Penulis: Aalto, Ville, Goldberg, Marcel, Hanson, Linda Magnuson, Head, Jenny, Kawachi, Ichiro, Kivimaki, Mika, Stenholm, Sari, Vahtera, Jussi, Westerlund, Hugo, Zaninotto, Paola, Zins, Marie

Diterbitkan: 1 Agustus 2016

Sebuah studi multi-kohort yang dilakukan di Inggris, Finlandia, Prancis, dan Swedia menganalisis tiga faktor risiko yang dapat dimodifikasi—merokok, kurangnya aktivitas fisik, dan obesitas (IMT ≥ 30 kg/m²)—sebagai prediktor harapan hidup bebas penyakit kronis pada usia 50 hingga 75 tahun. Diabetes adalah salah satu dari empat penyakit kronis yang dipantau. Individu tanpa faktor risiko perilaku dapat memperkirakan akan hidup rata-rata 6 tahun lebih lama tanpa penyakit kronis dan 8 tahun lebih lama dengan kondisi kesehatan yang baik dibandingkan dengan mereka yang memiliki setidaknya dua faktor risiko. Obesitas sebagai faktor risiko tunggal secara independen terkait dengan penurunan jumlah tahun sehat dan bebas penyakit.
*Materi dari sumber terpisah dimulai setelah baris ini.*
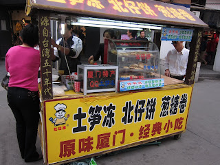 突然看到有一家店,有一個小姐長的挺不錯的.其實我們是被她的背影吸引過去的.不過來不及拍到咧....她是在買一家號稱"廈門漢堡"的夾餅,看起來還不錯,我們向來鼓勵嘗試新鮮東西的,當然就義不容辭了.
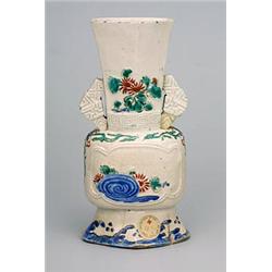 Burghley Revisited: The Discovery of Two Pieces of Early Arita Porcelain The recent discovery of two pieces of early enamelled Japanese porcelain in a private collection in Hampshire has added another chapter to the story of the famous collection of oriental ceramics at Burghley House. Much of the collection was amassed during the tenure of John, the fifth Earl of Exeter and his wife Anne, in the latter third of the 17th century. Great patrons and connoisseurs of the fine and decorative arts, the Earl and Countess travelled extensively throughout Europe acquiring paintings, sculpture, tapestries furniture, jewellery and object d'art on their four (recorded) tours between 1679 and 1699. There is no mention of them buying porcelain abroad in any of the surviving documentation relating to this period. Among the archives are two highly important inventories: the room-by-room listing of the contents of all the rooms at Burghley drawn up by Culpepper Tanner, personal secretary to the fifth Earl, in 1688; and the Devonshire Schedule of 1690, a bequest from Elizabeth, Countess of Devonshire in favour of her daughter Anne, wife of the fifth Earl. The latter document includes (with three exceptions) a large quantity of late Ming and Transitional porcelain and is therefore irrelevant to these recent discoveries. The 1688 inventory is the earliest listing of Japanese porcelain in which at least some of it remains in the same place at the present time. It is mainly by reference to the 1688 inventory that the three items in question can be related to the early Japanese porcelains at Burghley House. The contents of a great house such as Burghley are subject to the molestation of time and to the ebb and flow of paintings, furniture and art objects in tune with the fashion of the day and the particular interests of its incumbents. After the 1688 inventory and the death of John, the fifth Earl in 1700 it is clear that more Japanese porcelain was added to the collection. It is also known that some important inventoried pieces were disposed of in the sale at Christies in 1888 and again at Christies in 1959 (Lot 22 - An Important Pair of Japanese Figures of a Stag and Doe, late 17th Century. These may well be the "2 large hindes" in "My Lords Bedd Chamber" or the "2 staggs" in My Lords Dressing Roome in the 1688 Inventory). Both pieces in question are of early Arita enamelled porcelain - a vase modelled after an archaistic bronze beaker (lot 89) and a figure of a woman standing by a rock applied with pine and painted with bamboo (lot 90). They are both relatively primitive and probably date from c. 1660 to 1670. Composed of somewhat greyish paste, the body is dressed in a thinnish off-white glaze. Both are decorated in thickish and irregular saturated enamels characteristic of the earliest phase of Arita exportware between c.1660 and 1680 - a rich, almost blood red; deep cerulean, turquoise and a little black detailing. Each piece has a small paper label bearing the name and a number written in black ink. These, and another item, a boy on a shogi table, still in the collection, were exhibited in the Red Cross Exhibition of Japanese Art and Handicraft in 1915 nos. 50 (although confusingly the labels state 49 and 49a), 51 and 67 with a footnote stating that the first two were formerly in the collection of the Marquess of Exeter at Burghley House. In addition there are paper labels each bearing the name Read and the numbers 8, 7 and 6 respectively. All three were entered for the exhibition by Sir Hercules Read. Charles Hercules Read was, at the time of the Exhibition, Keeper of the Department of British and Medieval Antiquities and Ethnography at the British Museum. Whether Read bought any or all of these pieces at the Christies Auction of the Marquess of Exeter's sale in 1888 is unknown. The rather loose catalogue descriptions make it possible only to identify the figure by the rock with any degree of certainty. This first figure may be paired with the example in the British Museum, which is illustrated by Soame Jenyns in Japanese Porcelain, plate53A. In the 1688 inventory Tanner has listed under the heading "My Ladyes Bed Chamber - China over ye Chimney and in ye Roome - 2 Rockes & figures under them" (Jenyns, op.cit. misquoted the Burghley Inventory when he employed "trees" rather than the correct "them"). Or, allowing some latitude in translating late 17th century usage, is it the "2 Juggs like Rocks in The Tea Roome" ? The British Museum version, together with another Kakiemon enamelled figure of a bijin (Jenyns,op.cit. 55B) also in the Museum, have labels indicating their former existence at Burghley House. A small blue bordered paper label stuck to the base is inscribed 'Read 7.', another label printed in a sans serif typeface with 'Burghley House. This latter piece is further inscribed in faded ink with a group of characters in a hand very close in style to that of Culpepper Tanner with a script 7 L, m, 7 and what appears to be a kind of ampersand. In the Christies Auction on 8th June 1888 (the second day) under 'Old Japan Porcelain' lot 198 reads: "A pair of curious matchpots formed as trunks of trees with female figures flowers and foliage in relief and in colours, 7 and 1/4in." Apart from the paper label citing its Burghley provenance (and the label 'Read 8') the bronze shaped vase has proved to be more elusive. As it was not listed in the 1688 Inventory it may have been overlooked or may have been acquired not long afterwards. Although the bronze shaped vase and the figure of the boy on the shogi table have not been found in the 1688 inventory, the attached labels and the very similarity to extant examples at Burghley House most strongly suggest that all three pieces were part of this great collection. It is very likely that all three pieces were purchased by Sir Hercules Read through a dealer, some other agent, or by private treaty at the time of the partial dispersal of the Burghley collection in

Analisis tabel harapan hidup multi-keadaan berdasarkan jenis kelamin tidak menunjukkan perbedaan signifikan antara keempat kohort nasional tersebut.
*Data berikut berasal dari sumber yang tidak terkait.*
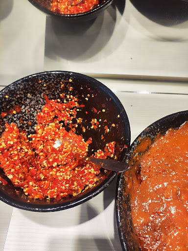 菜單選擇多元,無論是愛吃肉、喜歡海鮮,還是偏好蔬菜的人,都能找到合適的鍋底與食材。我們這次點了麻辣鍋搭配昆布鍋,麻辣鍋的湯底香而不死鹹,辣度帶勁卻不嗆喉,喝起來順口;昆布鍋則清爽鮮甜,煮青菜、海鮮特別對味。店家的湯底顯然是用心熬煮的,不是那種隨便調粉的味道,越煮越香,讓人一直想加湯。
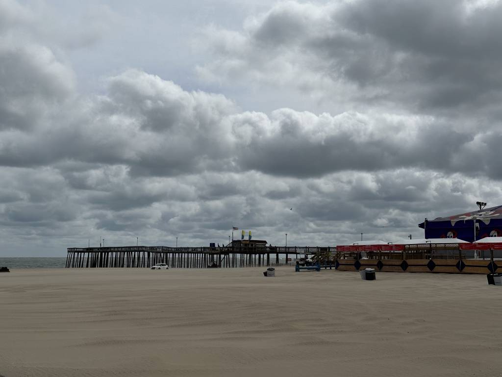 Everybody is working hard for Ocean CityWaves crash under the pier foretelling bigger and stronger waves and windThe disappointment shows
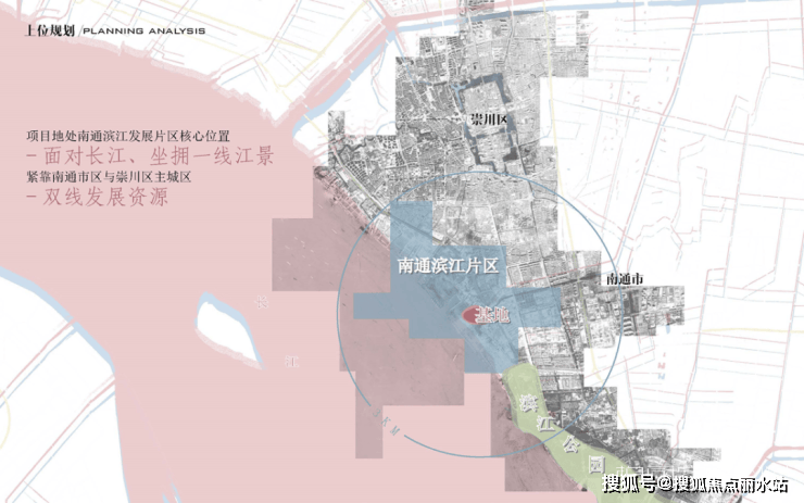 项目位于南通新城区滨江发展区,为滨江板块 首宗商品房地块 。2018年南通市政府与招商局集团签订合作协议,计划在南通主城滨江地区生态修复城市更新方面开展合作,打造集时尚休闲、滨江旅游为一体的 江海邮轮港和南通外滩 ;地块2019年年底挂牌,同期招商蛇口与南通城建集团先行成立合资公司, 合资公司于2021年1月31日底价竞得该宗地块 ,后续开发,南通城建集团纯财投,招商蛇口全权操盘。
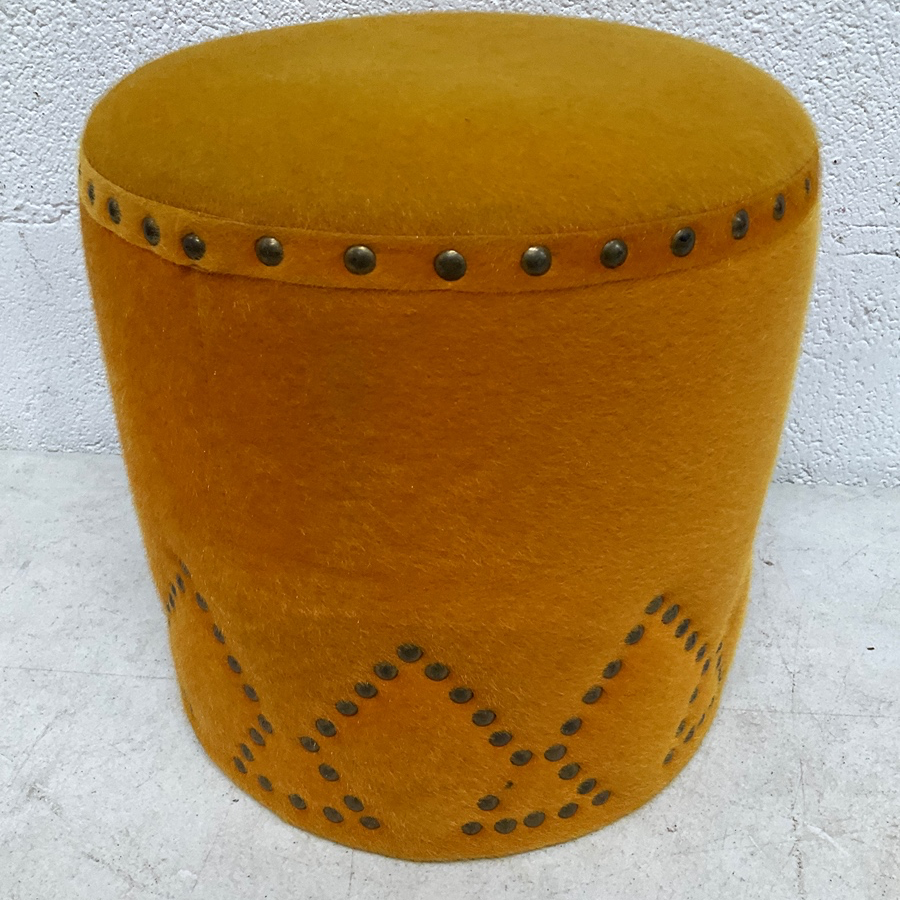 Vintage-style round ottoman in mustard yellow fabric with brass stud detailing. Ideal for living rooms or bedrooms.

Penulis: InterAct Consortium

Diterbitkan: 1 Juli 2015

Dalam studi kohort kasus EPIC-InterAct (11.559 kasus diabetes tipe 2 yang teridentifikasi selama periode tindak lanjut 10,8 tahun, subkohort terdiri dari 15.258 peserta), hubungan terbalik antara total serat makanan dan risiko diabetes (HR 0,82, IK 95% 0,69–0,97 untuk kuartil ke-4 dibandingkan dengan kuartil ke-1) melemah dan tidak lagi signifikan secara statistik setelah disesuaikan dengan BMI. Pola pelemahan ini menunjukkan bahwa berat badan sebagian memediasi hubungan protektif serat terhadap diabetes tipe 2, yang mendukung pengelolaan berat badan sebagai target tindakan independen untuk pencegahan diabetes.